■ REQUIREMENT: Line by line, repeat the data below exactly, beginning at the first line and ending at the line with "Materiál obsahuje oblékací". Omit pictures.
LISTED ENTRIES below:
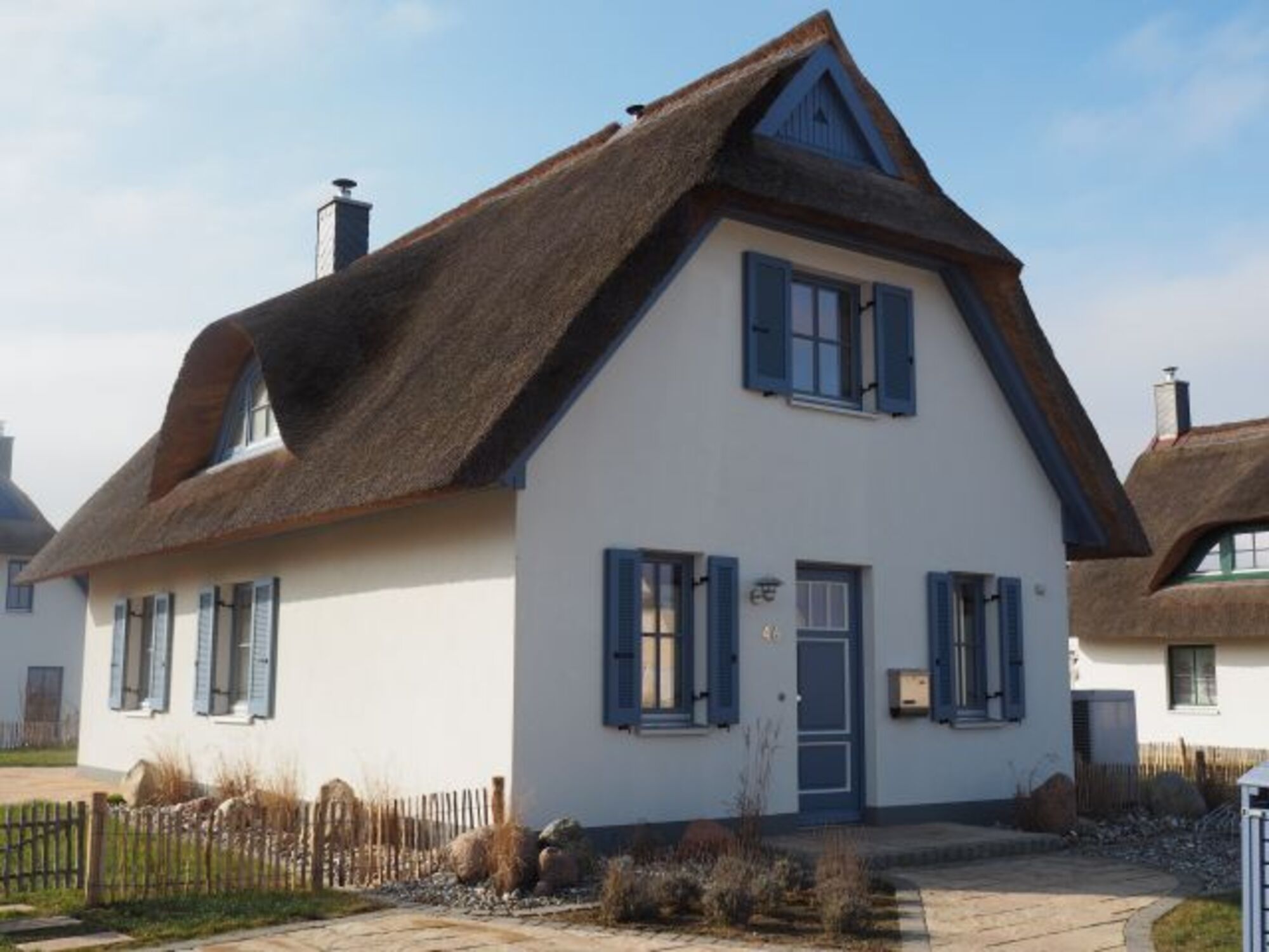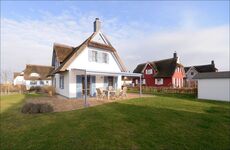 Dieses sehr hochwertige und liebevoll eingerichtete Ferienhaus unter Reet (97 qm) liegt nur ca. 500 m vom Strand entfernt. Es befindet sich auf einem ca. 580 qm großem umzäunten (50cm hoher Staketenzaun) Grundstück z. T. mit Meerblick und erstreckt sich über zwei Wohnebenen (Fußbodenheizung).
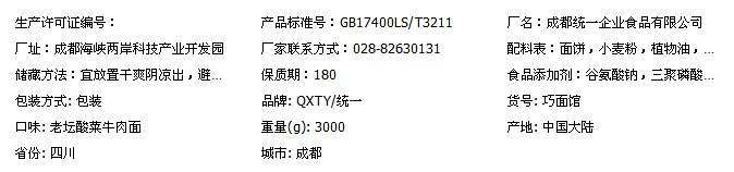 统一 巧面馆 袋装 老坛酸菜牛肉面 1袋
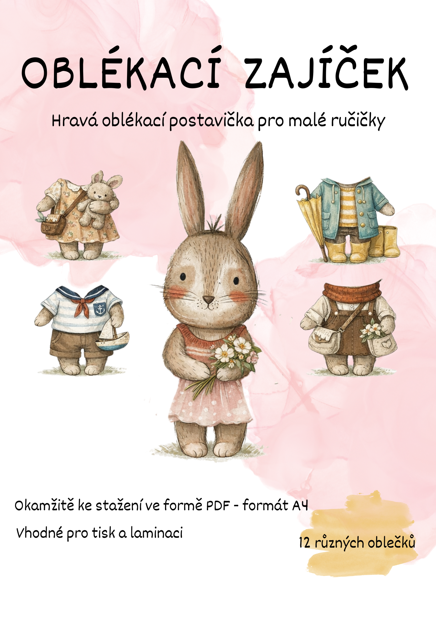 Materiál obsahuje oblékací postavičku zajíčka a 12 různých oblečků. Děti si procvičují jemnou motoriku, představivost a kreativitu při oblékání postavičky podle vlastního nápadu.
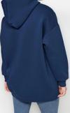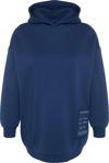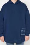Büyük Beden Relaxed Kapüşonlu Düşük Kol Regular Slogan Detaylı İçi Polar Kalın Örme Sweatshirt
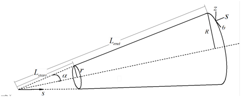 In a cylindrical coordinate system, the generatrix direction and radial direction of the conical shell are defined as the coordinate direction. The position of any point on a conical shell can be described as
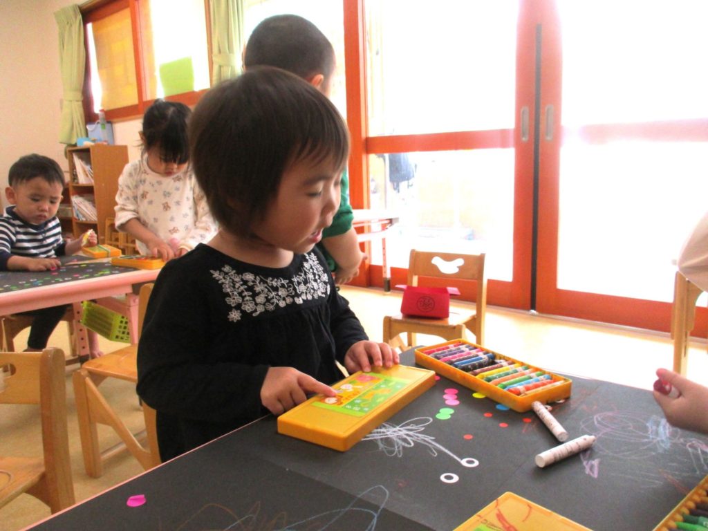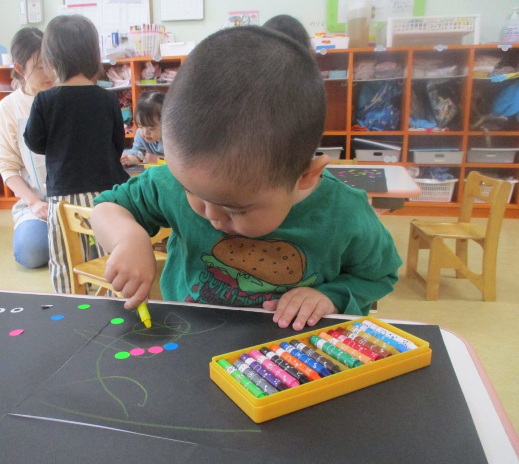 みんなでお絵描きに、シール貼り😊みんな夢中です!
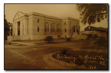 City authorities once again condemned the church building in the year 1916, so the membership was challenged to build a bigger and better one. The first church used by the Methodists was a wooden building; the second, brick stuccoed in white; the third, red brick. The year was 1917 when work began on the fourth Methodist Church and the third on the present site. This building was cream brick with white stuccoed trimmings. Two large white Doric columns graced the front entrance. Hal Hentz of Atlanta was the architect and J. P. Haigler, the builder. Due to the World War, financial plans for the church were not carried out much to the disappointment of Mr. Hentz and the congregation. The beautiful memorial windows and pews from the Gothic structure were used. However, no place was made for the old bell as in the two previous buildings. This brought sadness to the group of Methodists. While the church was being built services were held in the Court House. The building was completed in 1918 and a Pilcher pipe organ was installed, the first pipe organ to be placed in a Quincy church. ORGAN The Organ was designed and built by the Schlicker Organ Company, Buffalo, N.Y. in consultation with Doctor V. Earle Copes and Mrs. E. B. Shelfer, Jr. The instrument consists of three divisions, great, swell and Pedal. There are forty stops on the three divisions of the 807 pipe instrument. The organ console is at a lower level facing the choir. In the absence of a choir director the organist can direct the choir from the organ bench.
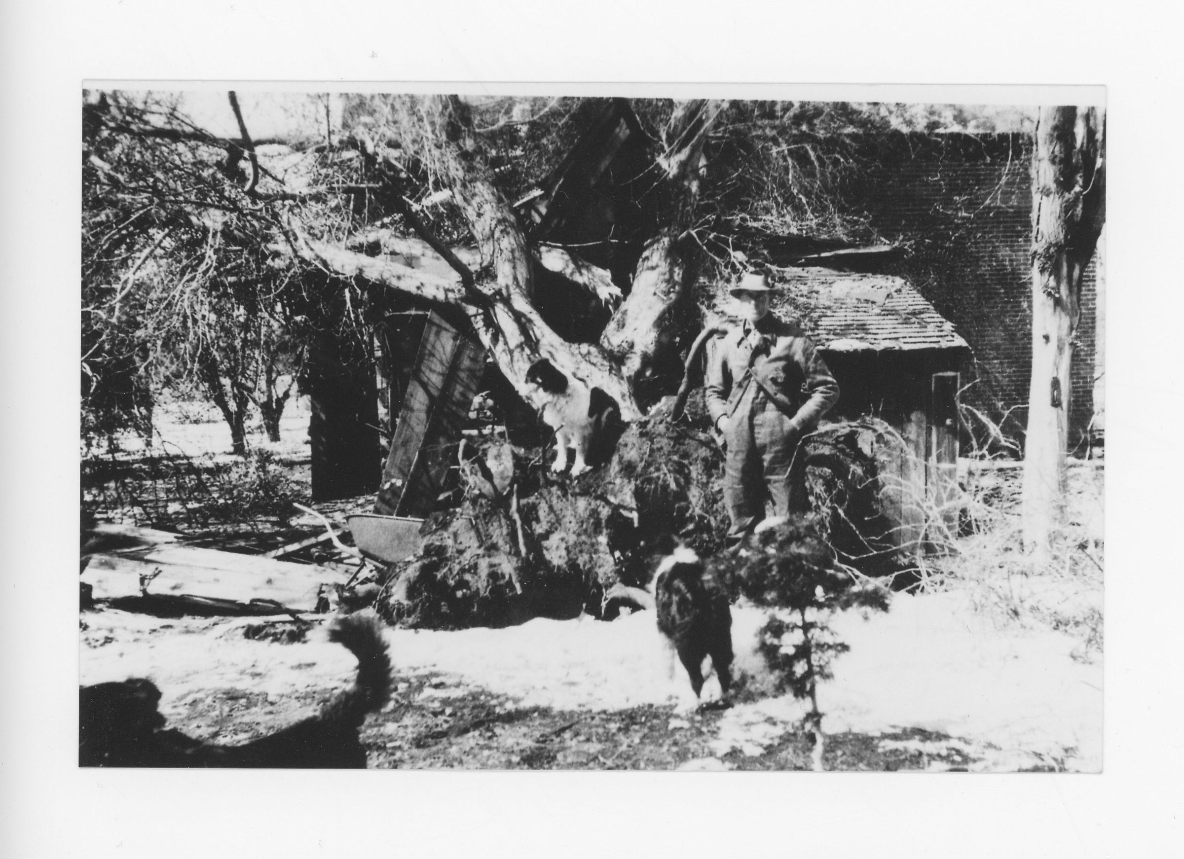 Ward family member and dog standing in front of home. The uprooted tree was the result of a severe East Wind.Photograph Details
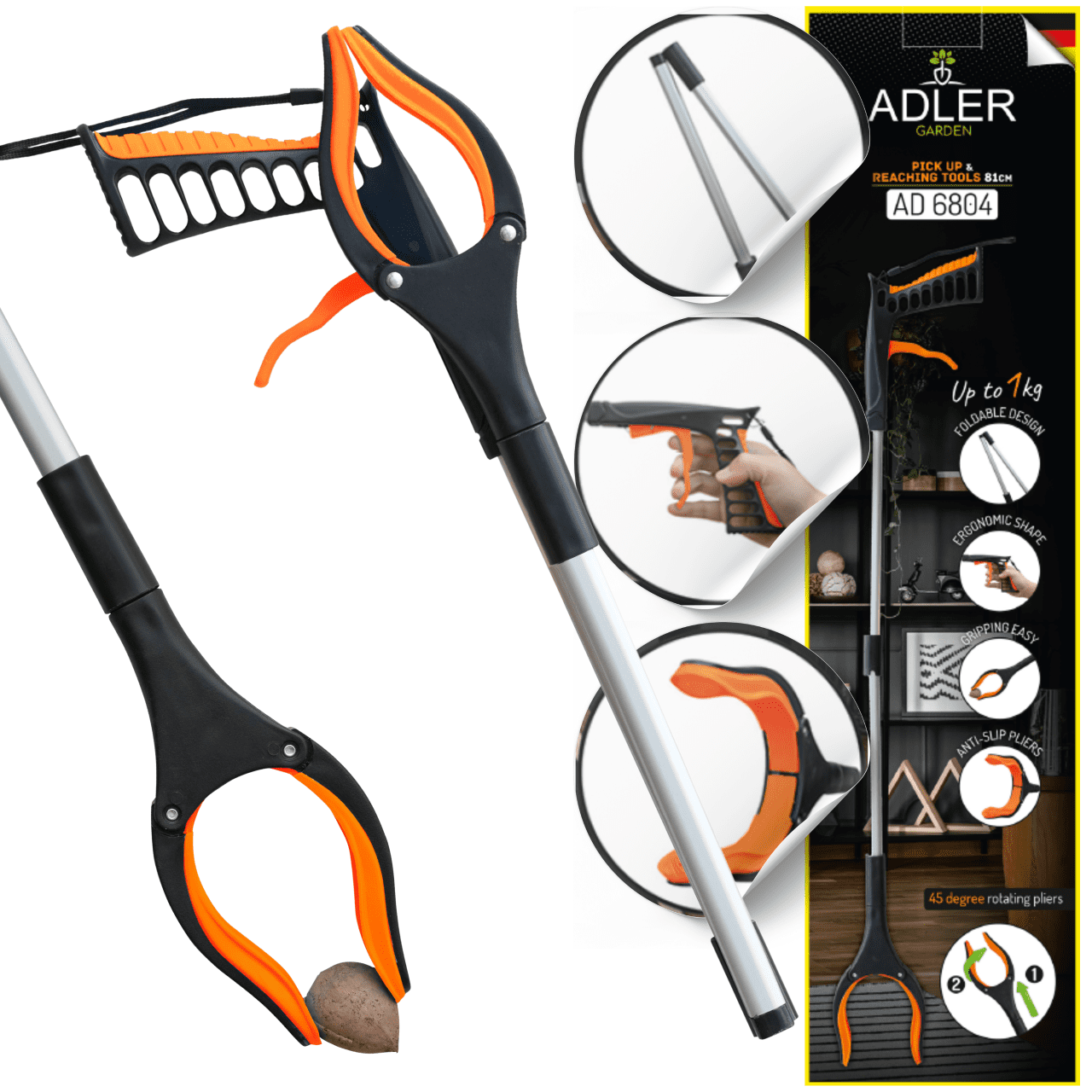 Večnamensko prijemalo – nenadomestljiv pomočnik doma in na prostem! Največja obremenitev: 1 kg Skupna dolžina: 81 cm Teža: 206 g Material: aluminij, PP plastika, TPR guma Barva: oranžna-črna-srebrna Večfunkcijsko prijemalo je praktično orodje, ki olajša vsakdanje življenje, saj vam omogoča dvigovanje lahkih predmetov, ne da bi se morali sklanjati. Popoln za doseganje težko dostopnih predmetov, kot so listje, smeti, otroške igrače, TV daljinci, časopisi, kot tudi za zapiranje zaves ali draperij. Naprava se odlično obnese tudi v ozkih prostorih, na primer za pralnim strojem in kot pripomoček za čiščenje težje dostopnih mest. Mere izdelka in vsebina seta: Skupna dolžina: 81 cm Mere po zlaganju: 43 × 14 × 5 cm Teža: 206 g Komplet vsebuje: prijemalo, tekstilni zapestni trak Maksimalna obremenitev: 1 kg Omogoča dvigovanje lahkih predmetov brez napora, kot so TV daljinci, knjige, časopisi, plastenke za vodo, itd. Dolžina: 81 cm Omogoča doseganje predmetov na težko dostopnih mestih, npr kot police na vrhu garderobne omare, prostori za pohištvom ali zavesami. Dolžina v zloženem stanju: 43 × 14 × 5 cm Zložljiva zasnova omogoča enostavno shranjevanje prijemala in zavzame minimalen prostor. Material: aluminij, PP plastika, TPR guma Visokokakovosten aluminij zagotavlja vzdržljivost in odpornost proti koroziji, medtem ko PP plastika in TPR guma zagotavljata lahkotnost in čvrst oprijem. Teža: 206 g Lahka zasnova omogoča enostavno prenašanje in uporabo prijemala starejšim osebam ali osebam z omejeno telesno močjo. Ergonomski ročaj: zasnovan za udoben oprijem in minimalno utrujenost rok med dolgotrajno uporabo. 45-stopinjsko vrtenje klešč: Ta funkcija vam omogoča natančen prijem predmetov pod različnimi koti, kar je še posebej uporabno na ozkih in težko dostopnih mestih. Tekstilni zapestni trak: Preprečuje padec prijemala iz roke in omogoča lažje obešanje, kar poveča udobje in varnost. Gumirane klešče: oblikovana guma na kleščah zagotavlja čvrst oprijem predmetov brez nevarnosti, da bi jih opraskali, kar je idealno za občutljive ali spolzke predmete. 1,0 mm debela eliptična kvadratna cev iz aluminijeve zlitine: poveča trdnost in odpornost proti poškodbam, kar ima za posledico daljšo življenjsko dobo orodja. Namen: Idealno za uporabo doma, na prostem in na delovnem mestu, kjer morate dvigovati in prenašati lahke predmete, ne da bi se morali skloniti. Pogosto zastavljena vprašanja (FAQ): V: Kakšna je največja teža, ki jo lahko dvignete s tem prijemalom? A: Prijemalo lahko dvigne predmete, ki tehtajo do 1 kg. V: Ali je prijemalo primerno za uporabo na prostem? O: Da, prijemalo se lahko uporablja v zaprtih prostorih in na prostem. V: Ali je prijemalo zložljivo? O: Da, prijemalo ima zložljivo zasnovo, kar olajša shranjevanje. V: Kateri materiali so bili uporabljeni za izdelavo prijemala? A: Prijemalo je izdelano iz aluminija, PP plastike in TPR gume, kar zagotavlja njegovo vzdržljivost in lahkotnost. V: Ali lahko prijemalo uporabljajo starejši ljudje? A: Seveda! Prijemalo je lahko, enostavno za uporabo in ima ergonomski ročaj, zaradi česar je idealno za starejše in ljudi z omejeno telesno močjo. Primerjava z drugimi izdelki v tej kategoriji: V primerjavi z drugimi prijemali, ki so na voljo na trgu, naš izdelek izstopa po: Trdnosti: 1,0 mm debela eliptična kvadratna cev iz aluminijeve zlitine zagotavlja večjo odpornost proti koroziji in vzdržljivost. Ergonomija: Ergonomski ročaj in možnost vrtenja klešč za 45 stopinj olajšata uporabo. Lahek: s težo le 206 g je naš grabelnik enostaven za prenašanje in uporabo za starejše ali manjše ljudi. Praktičnost: Zložljiva zasnova in tekstilni zapestni trak zagotavljata udobje in varnost med uporabo. Naš predlog je idealen za vse, ki iščejo praktično in vzdržljivo orodje za vsakodnevno uporabo, ki bo olajšalo življenje doma in na prostem.
End of LISTED ENTRIES.
■ EXERCISE SOLUTION:
 Dieses sehr hochwertige und liebevoll eingerichtete Ferienhaus unter Reet (97 qm) liegt nur ca. 500 m vom Strand entfernt. Es befindet sich auf einem ca. 580 qm großem umzäunten (50cm hoher Staketenzaun) Grundstück z. T. mit Meerblick und erstreckt sich über zwei Wohnebenen (Fußbodenheizung).
 统一 巧面馆 袋装 老坛酸菜牛肉面 1袋
 Materiál obsahuje oblékací postavičku zajíčka a 12 různých oblečků. Děti si procvičují jemnou motoriku, představivost a kreativitu při oblékání postavičky podle vlastního nápadu.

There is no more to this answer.